• [ACTION ITEM]
In the records below, find the line with "The classic RAILS", then retype it and every following line exactly, stopping after the line with "In veel plaatsen". Leave the pictures out.

---- MATERIAL PROVIDED

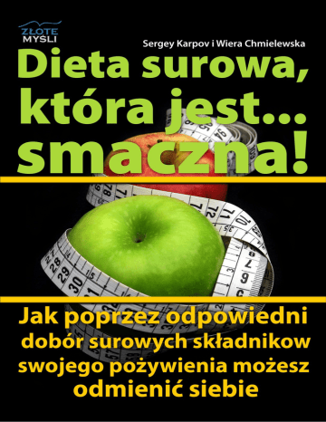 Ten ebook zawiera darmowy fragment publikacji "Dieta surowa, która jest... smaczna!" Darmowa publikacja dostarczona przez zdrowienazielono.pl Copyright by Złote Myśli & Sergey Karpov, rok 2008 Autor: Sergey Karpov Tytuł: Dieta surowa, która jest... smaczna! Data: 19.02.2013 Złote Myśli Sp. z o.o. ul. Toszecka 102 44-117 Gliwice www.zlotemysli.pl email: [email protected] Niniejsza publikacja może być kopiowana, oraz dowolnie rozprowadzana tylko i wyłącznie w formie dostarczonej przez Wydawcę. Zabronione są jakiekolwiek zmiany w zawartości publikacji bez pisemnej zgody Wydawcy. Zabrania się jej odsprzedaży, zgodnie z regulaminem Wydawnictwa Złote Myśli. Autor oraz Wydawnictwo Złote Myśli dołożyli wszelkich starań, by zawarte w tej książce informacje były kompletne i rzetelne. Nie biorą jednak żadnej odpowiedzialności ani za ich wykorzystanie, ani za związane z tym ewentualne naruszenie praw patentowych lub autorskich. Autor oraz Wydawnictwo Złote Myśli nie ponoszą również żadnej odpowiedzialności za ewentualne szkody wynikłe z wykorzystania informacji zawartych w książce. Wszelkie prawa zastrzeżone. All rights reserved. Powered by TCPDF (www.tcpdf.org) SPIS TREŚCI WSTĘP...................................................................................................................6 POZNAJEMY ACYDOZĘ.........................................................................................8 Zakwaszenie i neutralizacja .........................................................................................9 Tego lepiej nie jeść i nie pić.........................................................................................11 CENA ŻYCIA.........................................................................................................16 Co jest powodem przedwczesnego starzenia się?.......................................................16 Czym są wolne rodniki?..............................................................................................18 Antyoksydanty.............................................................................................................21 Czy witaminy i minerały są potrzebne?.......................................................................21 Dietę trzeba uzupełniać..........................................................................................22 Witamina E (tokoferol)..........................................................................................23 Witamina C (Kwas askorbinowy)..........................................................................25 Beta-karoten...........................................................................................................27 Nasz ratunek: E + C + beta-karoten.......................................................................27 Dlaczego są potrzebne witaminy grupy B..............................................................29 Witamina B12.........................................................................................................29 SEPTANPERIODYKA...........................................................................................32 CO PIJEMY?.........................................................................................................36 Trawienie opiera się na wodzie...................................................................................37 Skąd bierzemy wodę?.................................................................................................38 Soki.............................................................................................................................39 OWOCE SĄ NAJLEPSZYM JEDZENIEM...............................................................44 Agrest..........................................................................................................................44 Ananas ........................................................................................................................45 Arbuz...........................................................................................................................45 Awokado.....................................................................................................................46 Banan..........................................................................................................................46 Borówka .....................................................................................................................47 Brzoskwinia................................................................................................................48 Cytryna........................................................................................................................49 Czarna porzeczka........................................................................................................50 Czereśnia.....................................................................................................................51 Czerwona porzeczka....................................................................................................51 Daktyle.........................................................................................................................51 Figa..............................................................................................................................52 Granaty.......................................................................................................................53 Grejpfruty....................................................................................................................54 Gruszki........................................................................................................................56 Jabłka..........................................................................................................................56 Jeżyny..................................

--------
---- MATERIAL PROVIDED

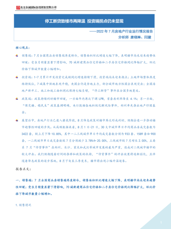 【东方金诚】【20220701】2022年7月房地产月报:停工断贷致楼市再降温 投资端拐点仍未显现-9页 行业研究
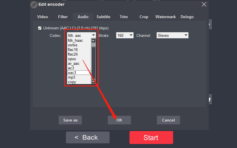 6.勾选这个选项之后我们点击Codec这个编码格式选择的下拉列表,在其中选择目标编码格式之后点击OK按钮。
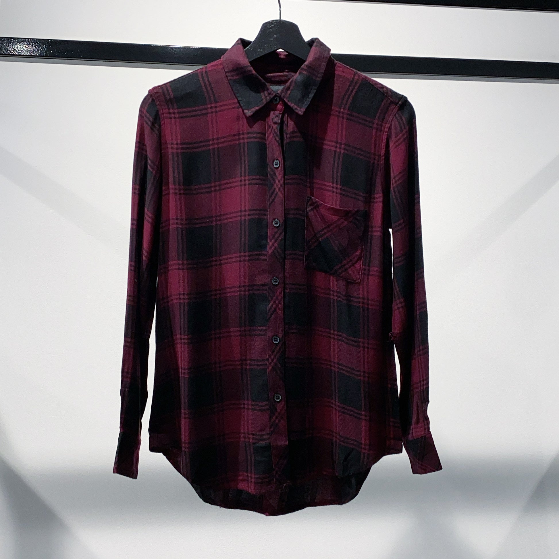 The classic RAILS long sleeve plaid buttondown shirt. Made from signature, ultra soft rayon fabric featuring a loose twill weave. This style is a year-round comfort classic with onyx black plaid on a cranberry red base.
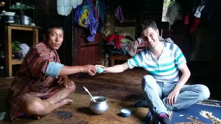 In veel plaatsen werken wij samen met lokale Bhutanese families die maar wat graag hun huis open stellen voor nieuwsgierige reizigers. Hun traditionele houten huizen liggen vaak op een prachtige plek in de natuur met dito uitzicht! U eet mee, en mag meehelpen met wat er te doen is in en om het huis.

--------
---- MATERIAL PROVIDED

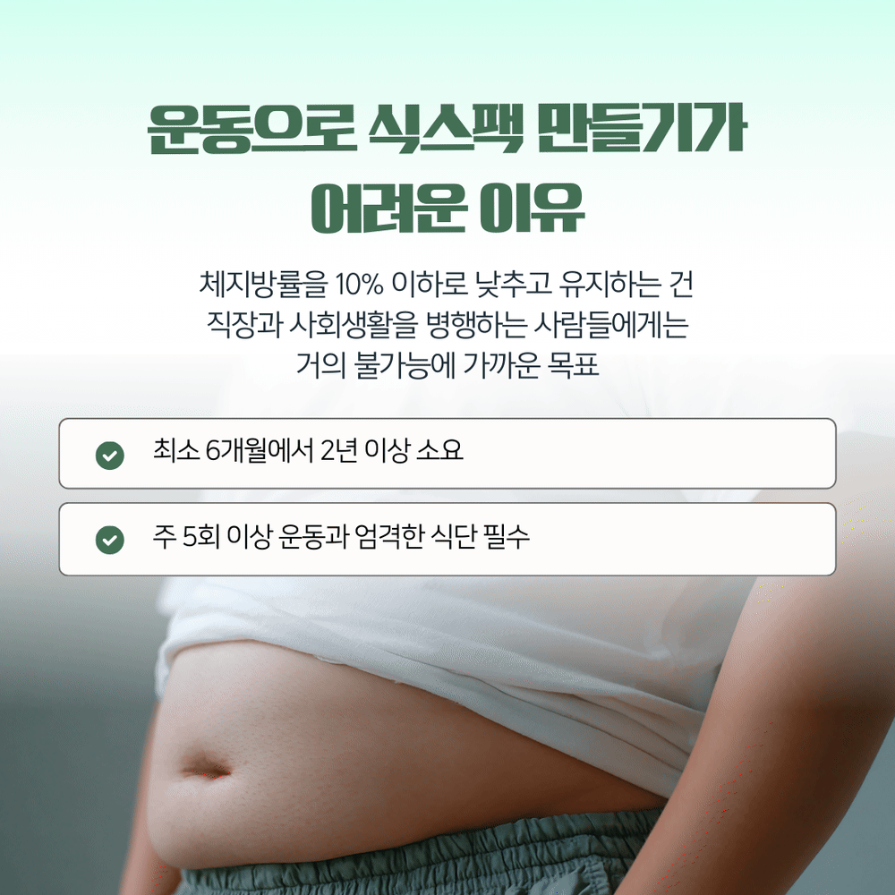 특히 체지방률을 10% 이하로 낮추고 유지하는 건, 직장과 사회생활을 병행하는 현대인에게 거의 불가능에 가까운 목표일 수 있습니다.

--------

• [EXERCISE RESPONSE]
 The classic RAILS long sleeve plaid buttondown shirt. Made from signature, ultra soft rayon fabric featuring a loose twill weave. This style is a year-round comfort classic with onyx black plaid on a cranberry red base.
 In veel plaatsen werken wij samen met lokale Bhutanese families die maar wat graag hun huis open stellen voor nieuwsgierige reizigers. Hun traditionele houten huizen liggen vaak op een prachtige plek in de natuur met dito uitzicht! U eet mee, en mag meehelpen met wat er te doen is in en om het huis.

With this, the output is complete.